|IN BRIEF: We often joke about being a "shopaholic" or that there is nothing like a little "retail therapy". But shopping until you drop is no laughing matter. Compulsive shopping or "shopping addiction" can devastate lives. See whether your urge to splurge has reached dangerous levels.|
For many people (researchers estimate between 2 and 8 per cent), the urge to shop is uncontrollable and often at the expensive of their relationships, family, finances, and even their jobs. In fact, impulsive shopping is such a serious and devastating problem that it has been included in the impulse control disorder classification and is treated much as an addiction.
According to the Illinois Institute for Addiction Recovery, the following indicates a possible shopping impulse control problem:
- Shopping or spending money as a result of feeling disappointed, angry or scared
- Shopping or spending habits causing emotional distress in your life
- Having arguments with loved ones about your shopping or spending habits
- Feeling lost without credit cards
- Buying items on credit that would not be bought with cash
- Feeling a rush of euphoria and anxiety when spending money
- Feeling guilty, ashamed, embarrassed or confused after shopping or spending money
- Lying to others about purchases made or how much money was spent
- Thinking excessively about money
- Spending a lot of time juggling accounts or bills to accommodate spending
In a recent study, researcher Helga Dittmar, a senior lecturer in psychology at the University of Sussex in Brighton, U.K., pinpointed two "vulnerability factors" that appear to raise risks for compulsive buying.
"The first is a materialistic value system, the importance that a person attaches to material goods as a way of achieving major life goals, such as satisfaction and happiness," according to Dittmar. "In essence", she says, "materialists try to fix problems with things, so they shop whenever they encounter a problem."
The second factor "concerns the self-concept, where a person who feels that they are far away from their 'ideal' self is more vulnerable to psychological problems," Dittmar said. In this type of situation, people spend in order to "fix" themselves or to "medicate" the negative feelings they experience because of the discrepancy between who they want to be and who they are.
But because we are constantly bombarded with advertising aimed at tempting us into spending money on things we "want" rather than things we really "need", very few people consider impulsive shopping a debilitating disorder until the debt or marital strife forces them to admit they have a problem.
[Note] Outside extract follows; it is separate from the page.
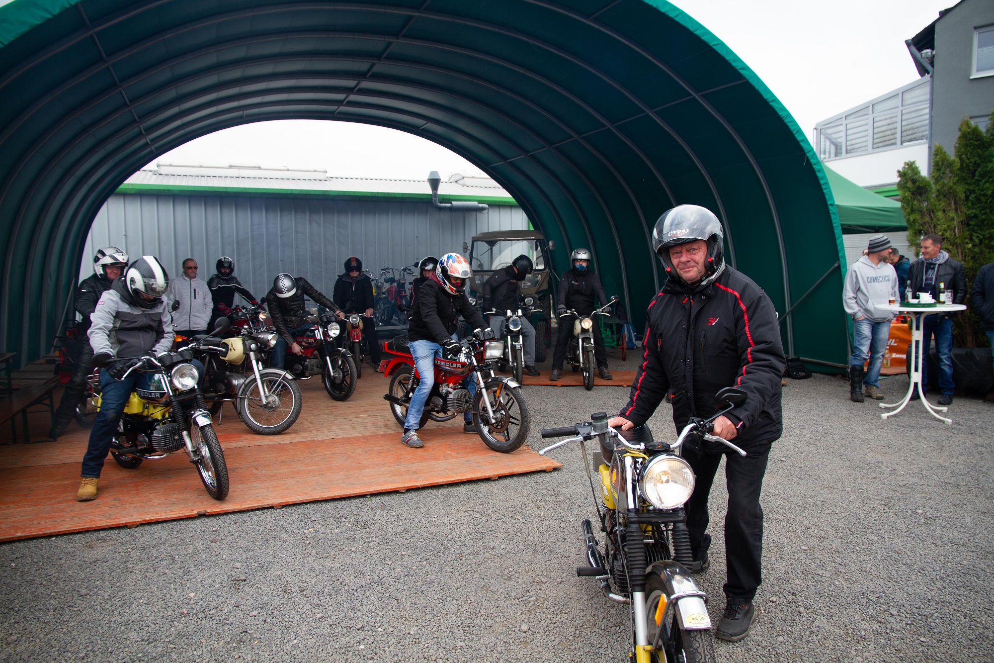 Die Kreidler Freunde haben dies gerne auf Wusch des Initiator Martin Esser gemacht, zumal man auch am frühen Nachmittag zu einer kleinen Rundfahrt über Schoden und Wawern und wieder gemeinsam zurück gestartet ist. Zwar hatten sich mehr als die 16 Kreidler Freunde angemeldet, aber am frühen Vormittag hat es in der Region Saarburg eine kräftige Schneeschauer gegeben, die für den oder anderen Zweiradbesitzer nicht die ideale Voraussetzung war, an der Veranstaltung teilzunehmen.

There are very few studies on this subject and, as a result, there is no real treatment. If impulse buying is a problem for you, it's probably best to consult a psychologist before you're knee-deep in debt.
If the problem is not out of hand yet, you could try to control your spending by carrying an index card in your wallet. When you see something you want to buy, write it on the card. Force yourself to wait two weeks (or at least a week) before spending the money on this item.
During this cooling off period, if you see something else you want, add it to the card. However, you can never have more than three items on the card at any one time, so to add a fourth item, you have to remove one of the other items from the list. If you're an impulse spender, you'll find that you're frequently crossing items off to make room for the newest "must have" thing.
Another good rule to adopt is to pay cash whenever possible. When you go shopping, leave your credit cards at home. Most impulse spenders use credit cards more often than not.
When you use credit cards, the reality of the amount of money you're spending and how you're going to pay it back is suppressed. When you pay with cash, it feels like you're spending "real" money. And if that doesn't work, take someone with you to prevent you from going overboard.
If you often come home with things you didn't plan on buying, you may suffer from impulsive spending. Don't let your impulses get the better of you and sacrifice your financial wellbeing.